▶ _Assignment_: Transcribe the data below verbatim from the line with "園芸用品 (Garden シリーズ)" to the line with "親子丼セット 1,160円【税込】". Include both of those lines.

▶ _Data section_:
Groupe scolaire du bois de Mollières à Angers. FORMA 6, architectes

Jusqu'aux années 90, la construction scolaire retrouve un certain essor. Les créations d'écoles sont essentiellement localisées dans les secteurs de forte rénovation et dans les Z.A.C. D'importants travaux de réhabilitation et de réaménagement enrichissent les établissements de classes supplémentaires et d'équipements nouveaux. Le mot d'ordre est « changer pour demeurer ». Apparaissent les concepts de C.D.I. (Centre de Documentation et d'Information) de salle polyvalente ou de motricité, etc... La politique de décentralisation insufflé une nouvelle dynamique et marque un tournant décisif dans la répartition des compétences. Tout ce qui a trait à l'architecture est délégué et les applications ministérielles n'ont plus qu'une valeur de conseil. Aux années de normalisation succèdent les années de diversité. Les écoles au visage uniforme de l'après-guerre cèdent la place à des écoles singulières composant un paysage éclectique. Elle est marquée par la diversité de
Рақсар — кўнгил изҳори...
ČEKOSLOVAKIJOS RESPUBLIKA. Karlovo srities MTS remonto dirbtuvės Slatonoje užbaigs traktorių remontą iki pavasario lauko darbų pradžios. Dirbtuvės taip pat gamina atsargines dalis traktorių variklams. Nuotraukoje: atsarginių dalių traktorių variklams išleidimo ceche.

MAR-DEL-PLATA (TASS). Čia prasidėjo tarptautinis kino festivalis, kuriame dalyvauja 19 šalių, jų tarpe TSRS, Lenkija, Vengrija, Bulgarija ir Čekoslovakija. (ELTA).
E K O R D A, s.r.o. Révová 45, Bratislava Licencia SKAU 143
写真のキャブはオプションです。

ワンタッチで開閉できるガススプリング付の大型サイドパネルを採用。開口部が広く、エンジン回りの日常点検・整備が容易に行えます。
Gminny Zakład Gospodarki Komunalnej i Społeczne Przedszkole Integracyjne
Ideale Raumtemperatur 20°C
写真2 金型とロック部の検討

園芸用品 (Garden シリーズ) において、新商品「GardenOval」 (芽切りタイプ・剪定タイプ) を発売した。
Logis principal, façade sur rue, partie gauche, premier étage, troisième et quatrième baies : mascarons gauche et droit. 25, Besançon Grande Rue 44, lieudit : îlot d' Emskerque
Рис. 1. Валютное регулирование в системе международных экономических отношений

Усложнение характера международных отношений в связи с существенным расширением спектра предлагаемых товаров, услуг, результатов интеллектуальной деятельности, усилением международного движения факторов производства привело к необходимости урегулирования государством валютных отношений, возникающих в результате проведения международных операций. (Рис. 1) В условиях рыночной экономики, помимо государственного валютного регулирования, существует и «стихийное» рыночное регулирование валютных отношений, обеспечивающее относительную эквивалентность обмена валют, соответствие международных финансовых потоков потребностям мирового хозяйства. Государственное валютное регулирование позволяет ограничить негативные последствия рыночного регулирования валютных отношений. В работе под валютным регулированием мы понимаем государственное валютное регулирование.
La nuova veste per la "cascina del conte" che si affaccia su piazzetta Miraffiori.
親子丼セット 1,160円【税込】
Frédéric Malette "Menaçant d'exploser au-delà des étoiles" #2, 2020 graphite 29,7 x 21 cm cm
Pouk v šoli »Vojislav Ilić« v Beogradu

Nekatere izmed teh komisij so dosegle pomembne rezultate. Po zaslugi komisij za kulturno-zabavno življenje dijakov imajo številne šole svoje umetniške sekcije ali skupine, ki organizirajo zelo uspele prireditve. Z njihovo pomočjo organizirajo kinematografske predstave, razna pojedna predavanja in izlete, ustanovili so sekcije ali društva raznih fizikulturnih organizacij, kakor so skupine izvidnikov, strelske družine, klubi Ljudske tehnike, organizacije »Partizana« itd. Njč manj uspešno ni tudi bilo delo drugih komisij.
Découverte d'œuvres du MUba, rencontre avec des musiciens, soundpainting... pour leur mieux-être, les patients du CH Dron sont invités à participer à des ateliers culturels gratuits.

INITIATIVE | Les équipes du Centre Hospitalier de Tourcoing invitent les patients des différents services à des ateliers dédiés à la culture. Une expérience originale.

--

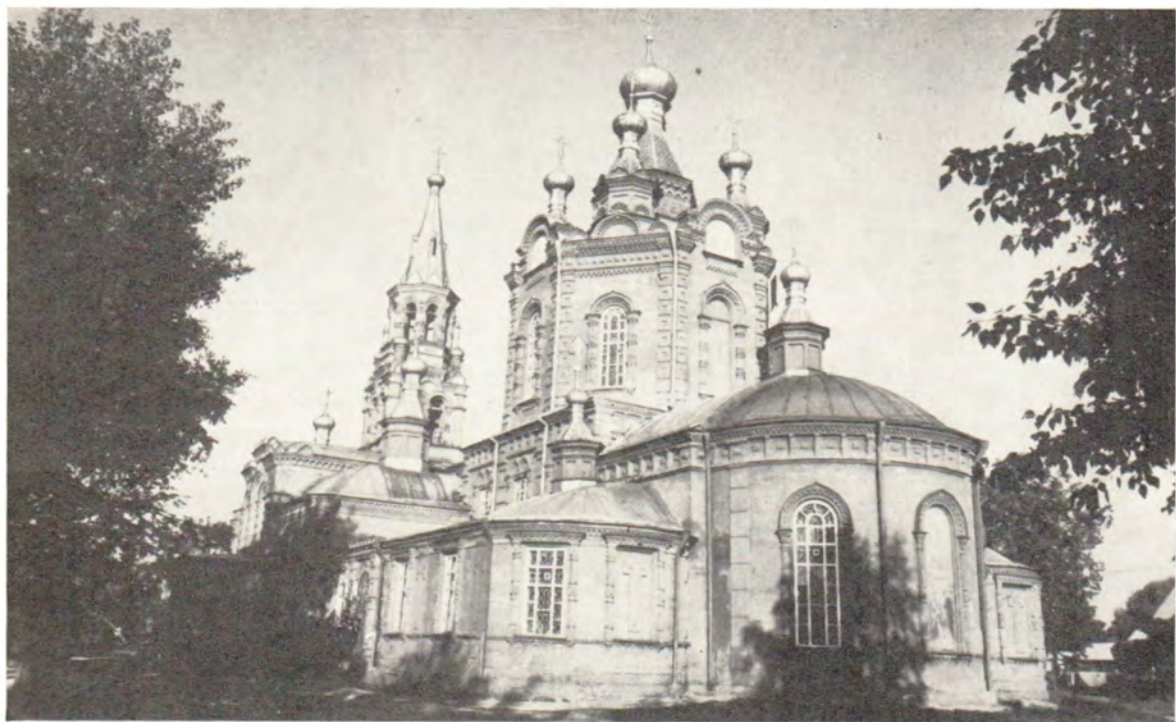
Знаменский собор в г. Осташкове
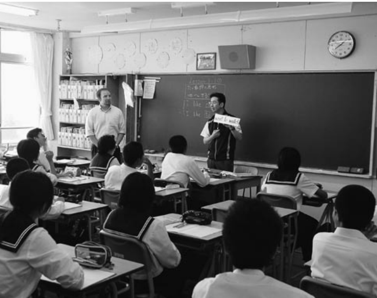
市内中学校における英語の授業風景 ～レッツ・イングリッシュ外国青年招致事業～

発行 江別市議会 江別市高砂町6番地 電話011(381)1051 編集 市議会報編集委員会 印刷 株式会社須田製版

==

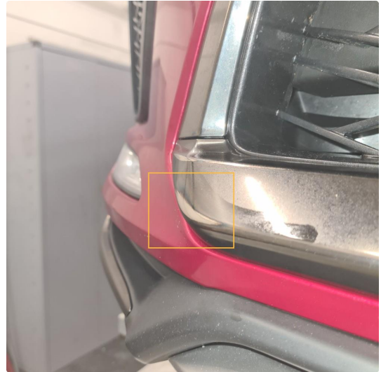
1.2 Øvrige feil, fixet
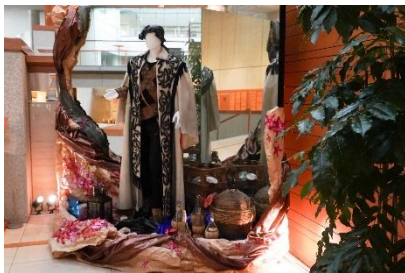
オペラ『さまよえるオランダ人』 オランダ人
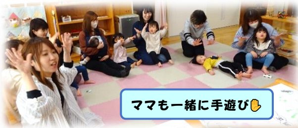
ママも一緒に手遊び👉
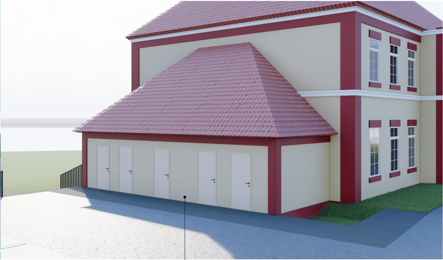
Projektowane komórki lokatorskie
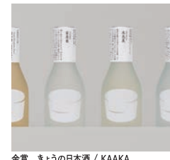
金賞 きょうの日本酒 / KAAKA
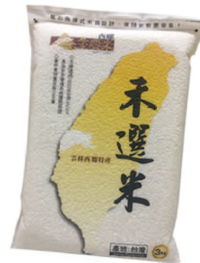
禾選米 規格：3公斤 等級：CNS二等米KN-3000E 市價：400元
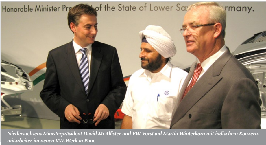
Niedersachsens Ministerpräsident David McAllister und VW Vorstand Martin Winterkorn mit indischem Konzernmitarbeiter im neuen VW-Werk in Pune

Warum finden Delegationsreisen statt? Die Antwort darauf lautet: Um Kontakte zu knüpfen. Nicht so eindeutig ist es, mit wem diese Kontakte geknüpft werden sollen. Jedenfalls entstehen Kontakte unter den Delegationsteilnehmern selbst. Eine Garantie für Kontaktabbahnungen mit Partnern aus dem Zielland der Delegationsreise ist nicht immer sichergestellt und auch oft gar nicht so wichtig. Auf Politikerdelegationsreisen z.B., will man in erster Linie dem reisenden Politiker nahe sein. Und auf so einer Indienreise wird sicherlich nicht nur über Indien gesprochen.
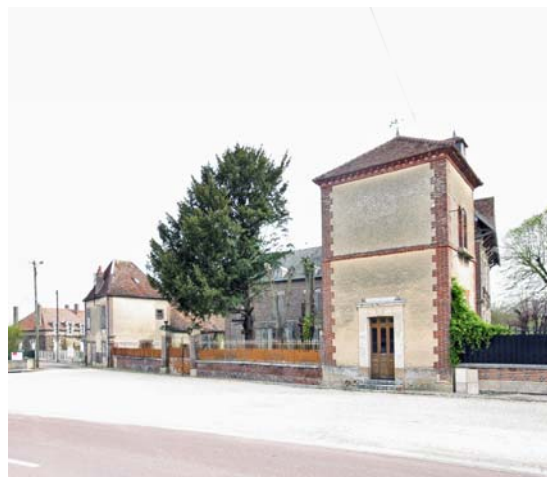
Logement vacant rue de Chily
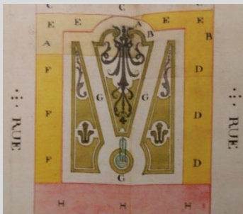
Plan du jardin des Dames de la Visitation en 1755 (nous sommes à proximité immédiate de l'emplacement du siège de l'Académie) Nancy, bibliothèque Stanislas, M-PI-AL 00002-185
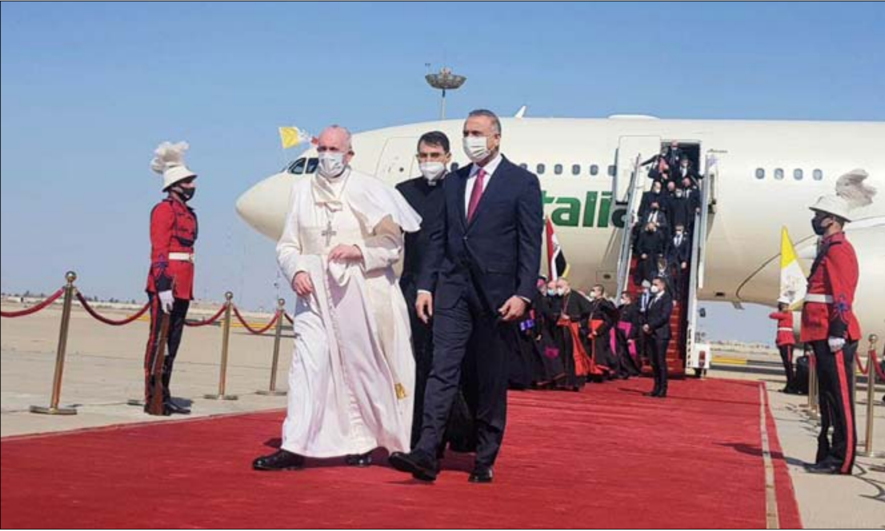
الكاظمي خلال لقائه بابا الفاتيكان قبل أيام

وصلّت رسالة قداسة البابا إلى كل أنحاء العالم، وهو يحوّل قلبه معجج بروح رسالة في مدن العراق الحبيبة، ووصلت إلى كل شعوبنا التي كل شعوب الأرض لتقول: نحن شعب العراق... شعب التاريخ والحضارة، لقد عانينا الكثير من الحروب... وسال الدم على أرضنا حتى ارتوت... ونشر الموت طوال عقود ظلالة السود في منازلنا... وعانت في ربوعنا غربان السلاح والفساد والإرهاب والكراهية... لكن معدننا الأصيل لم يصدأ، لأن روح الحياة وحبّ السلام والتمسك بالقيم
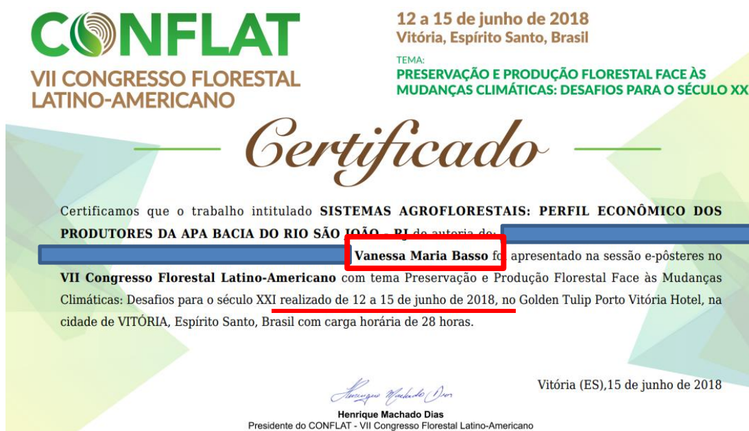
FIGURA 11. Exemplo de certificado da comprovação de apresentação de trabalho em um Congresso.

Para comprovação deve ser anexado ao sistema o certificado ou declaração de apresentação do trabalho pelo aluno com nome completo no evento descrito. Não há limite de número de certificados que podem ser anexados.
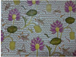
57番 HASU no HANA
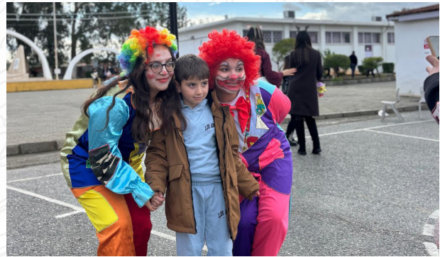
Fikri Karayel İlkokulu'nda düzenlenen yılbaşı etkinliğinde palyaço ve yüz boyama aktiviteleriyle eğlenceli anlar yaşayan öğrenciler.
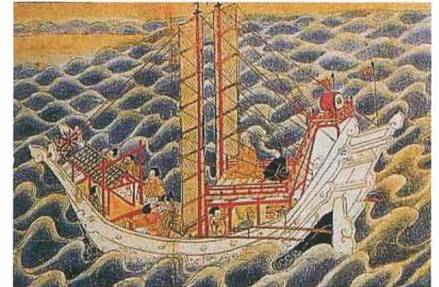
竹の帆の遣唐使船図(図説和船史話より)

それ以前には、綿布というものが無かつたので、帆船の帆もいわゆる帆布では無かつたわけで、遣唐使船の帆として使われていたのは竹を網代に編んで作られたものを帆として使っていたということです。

▶ _Finished task_:
園芸用品 (Garden シリーズ) において、新商品「GardenOval」 (芽切りタイプ・剪定タイプ) を発売した。
Logis principal, façade sur rue, partie gauche, premier étage, troisième et quatrième baies : mascarons gauche et droit. 25, Besançon Grande Rue 44, lieudit : îlot d' Emskerque
Рис. 1. Валютное регулирование в системе международных экономических отношений

Усложнение характера международных отношений в связи с существенным расширением спектра предлагаемых товаров, услуг, результатов интеллектуальной деятельности, усилением международного движения факторов производства привело к необходимости урегулирования государством валютных отношений, возникающих в результате проведения международных операций. (Рис. 1) В условиях рыночной экономики, помимо государственного валютного регулирования, существует и «стихийное» рыночное регулирование валютных отношений, обеспечивающее относительную эквивалентность обмена валют, соответствие международных финансовых потоков потребностям мирового хозяйства. Государственное валютное регулирование позволяет ограничить негативные последствия рыночного регулирования валютных отношений. В работе под валютным регулированием мы понимаем государственное валютное регулирование.
La nuova veste per la "cascina del conte" che si affaccia su piazzetta Miraffiori.
親子丼セット 1,160円【税込】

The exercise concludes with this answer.